LGBTQ in American History (1900-1950)
Photo of Gertrude and Alice
1907 – Gertrude Stein meets Alice B. Toklas, sparking a legendary romance. In Paris, the two women set up a salon that connects many great writers and artists, including gays. Stein publicly declares her love for Toklas in print in The Autobiography of Alice B. Toklas, published in 1933.
1917-1935 – The Harlem Renaissance. Historians have stated that the renaissance was “as gay as it was black.” Some of the lesbian, gay or bisexual people of this movement included writers and poets such as Langston Hughes, Countee Cullen and Zora Neale Hurston; Professor Alain Locke; music critic and photographer Carl Van Vechten, and entertainers Ma Rainey, Bessie Smith, Ethel Waters and Gladys Bentley.
1924 – The Society for Human Rights, the first gay rights organization, is founded by Henry Gerber in Chicago. The organization ceases to exist after most of its members are arrested.
1928 – Radclyffe Hall, an English author, publishes what many consider a groundbreaking lesbian novel, The Well of Loneliness. This causes homosexuality to be a topic of public conversation in the United States.
1948 – Alfred Kinsey, an American biologist and sexologist at Indiana University publishes Sexual Behavior of the Human Male, which discusses male homosexuality. (Also known as the Kinsey Reports).
1950 – U.S. Congress issues the report, “Employment of Homosexuals and Other Sex Perverts in Government.” It is distributed to members of Congress.
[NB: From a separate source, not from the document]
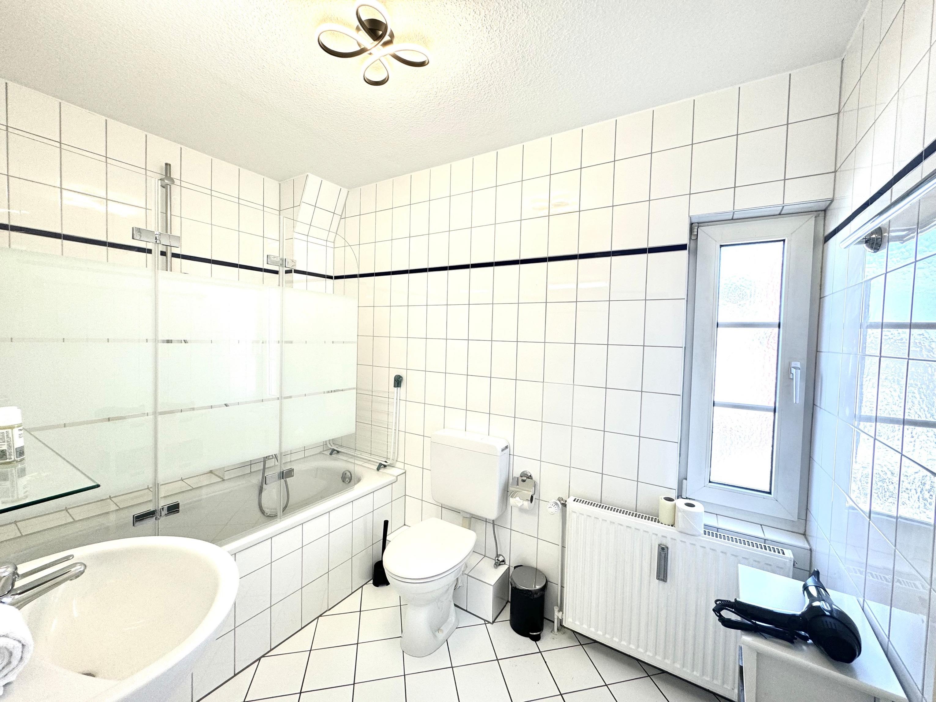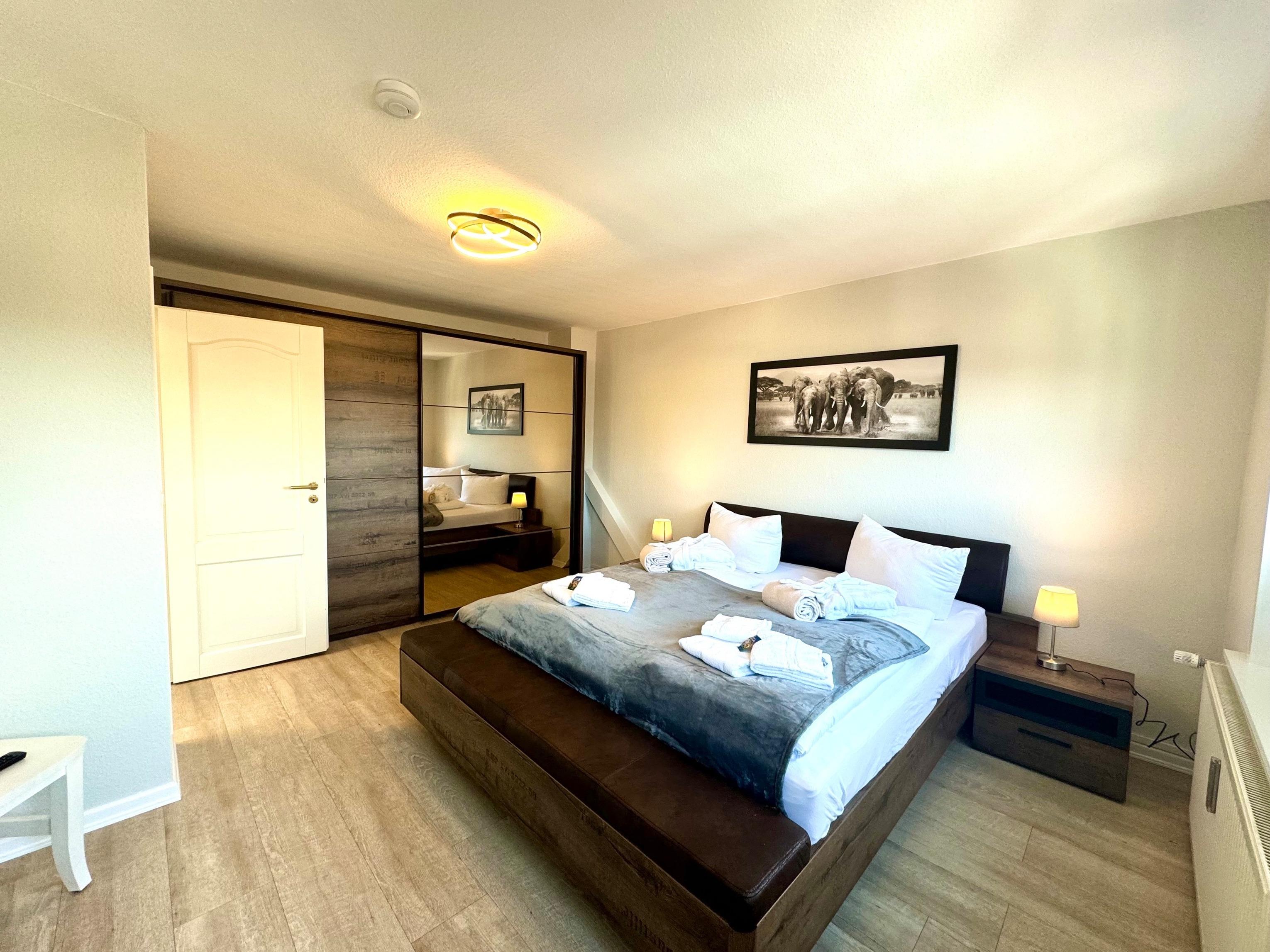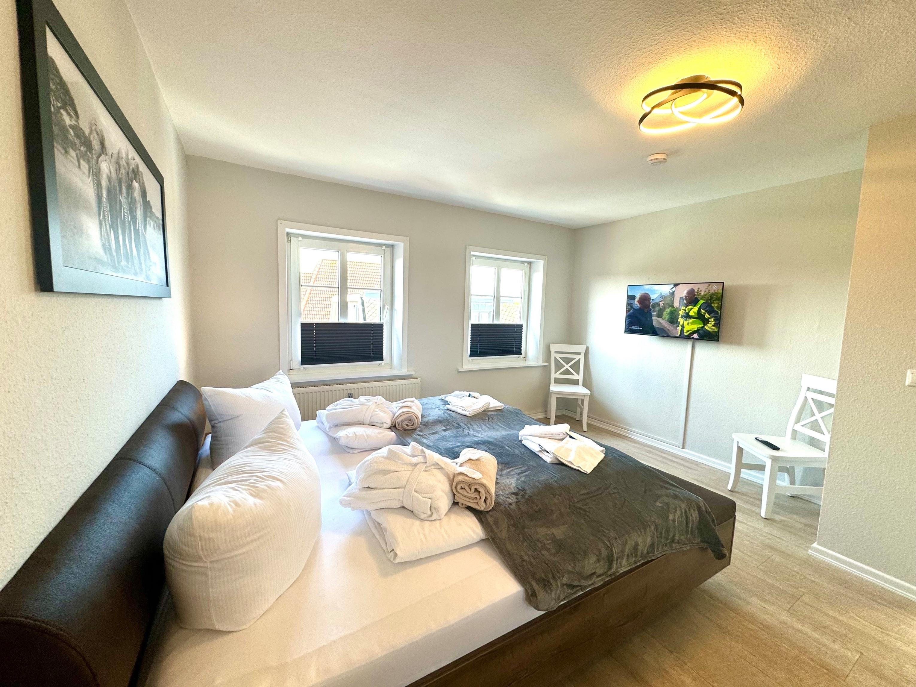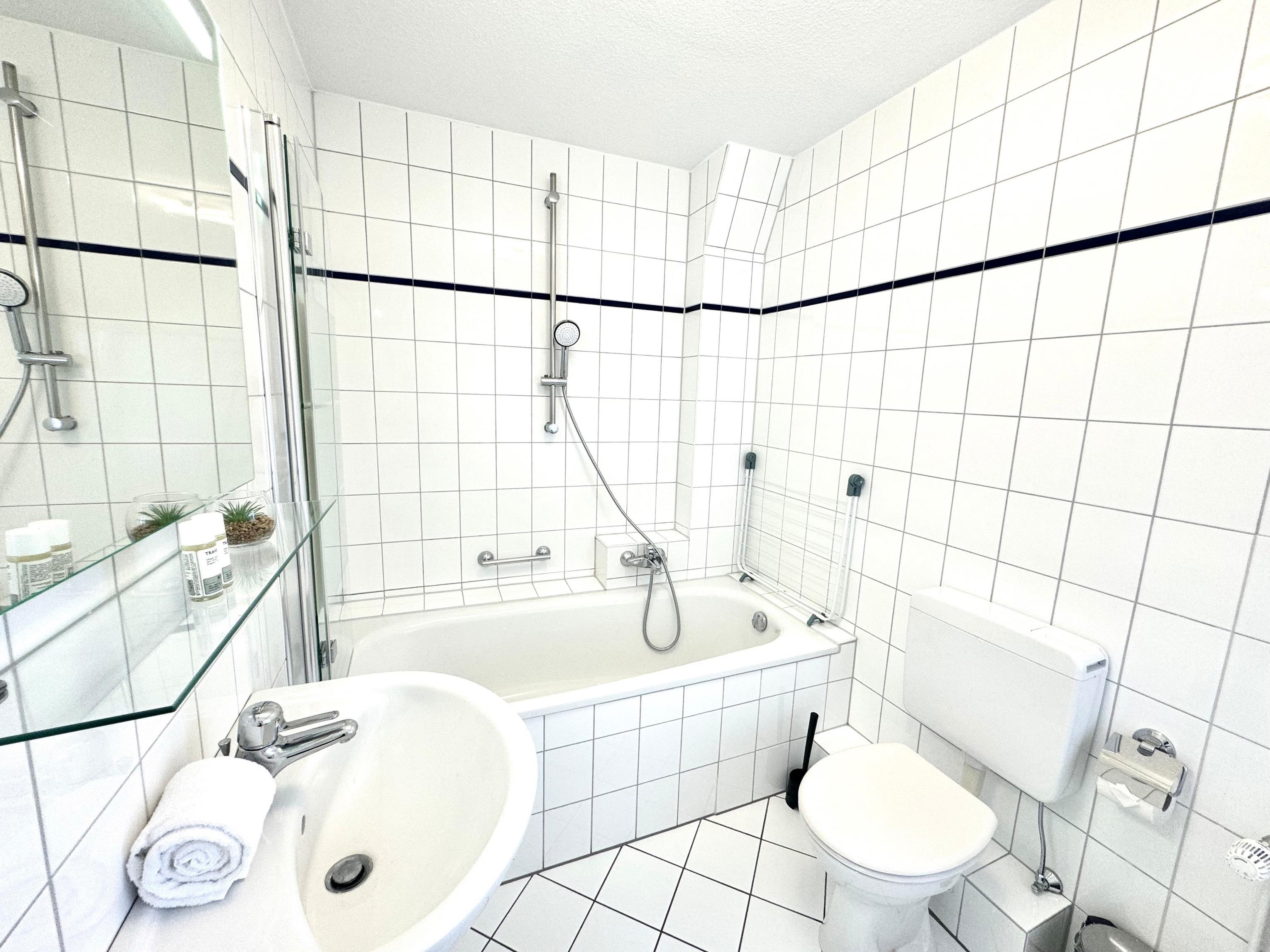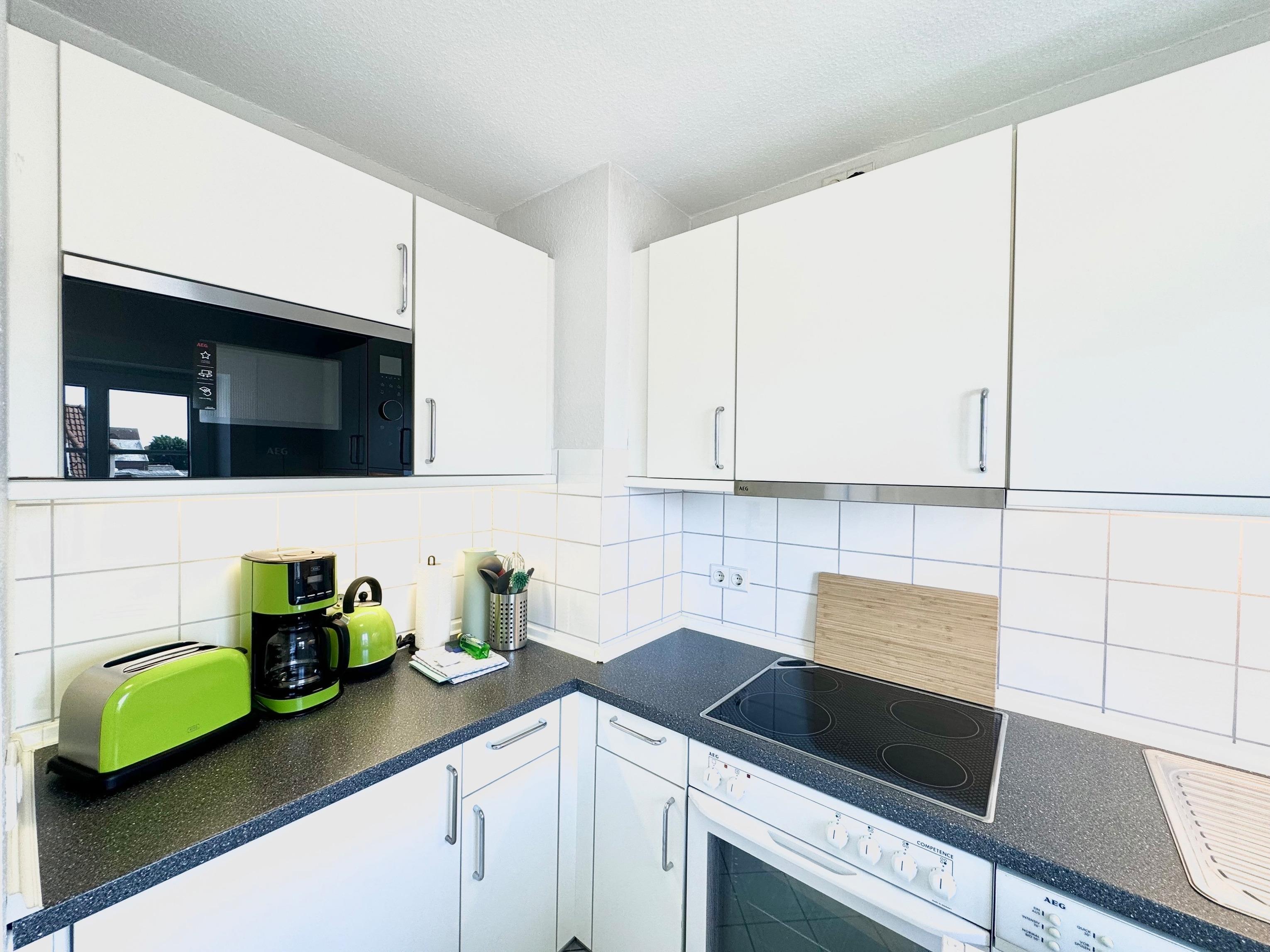 In dieser Ferienwohnung befindet sich ein geräumiges Schlafzimmer mit Boxspring-Doppelbett und SAT-TV. Ebenso vom Flur ausgehend erreichen Sie das helle Wannenbad mit Bade- und Duschamatur und WC. Die Küche bietet neben umfangreichen Kochutensilien, Geschirr und Besteck einen 4-Platten Ceranfeld Herd und Ofen, Kühlschrank mit kleinem Gefrierfach, Kaffeefiltermaschine, Toaster und Wasserkocher, Mikrowelle sowie eine Geschirrspülmaschine.

The report shows that the federal government had covertly investigated employees’ sexual orientation. It states that since homosexuality is a mental illness, homosexuals “constitute security risks” to the nation.
1950 – The Mattachine Society forms in Los Angeles, California, by activist Harry Hay and is one of the first sustained gay rights groups in the United States. The Society focuses on social acceptance of homosexuals. The organization continues today with different objectives.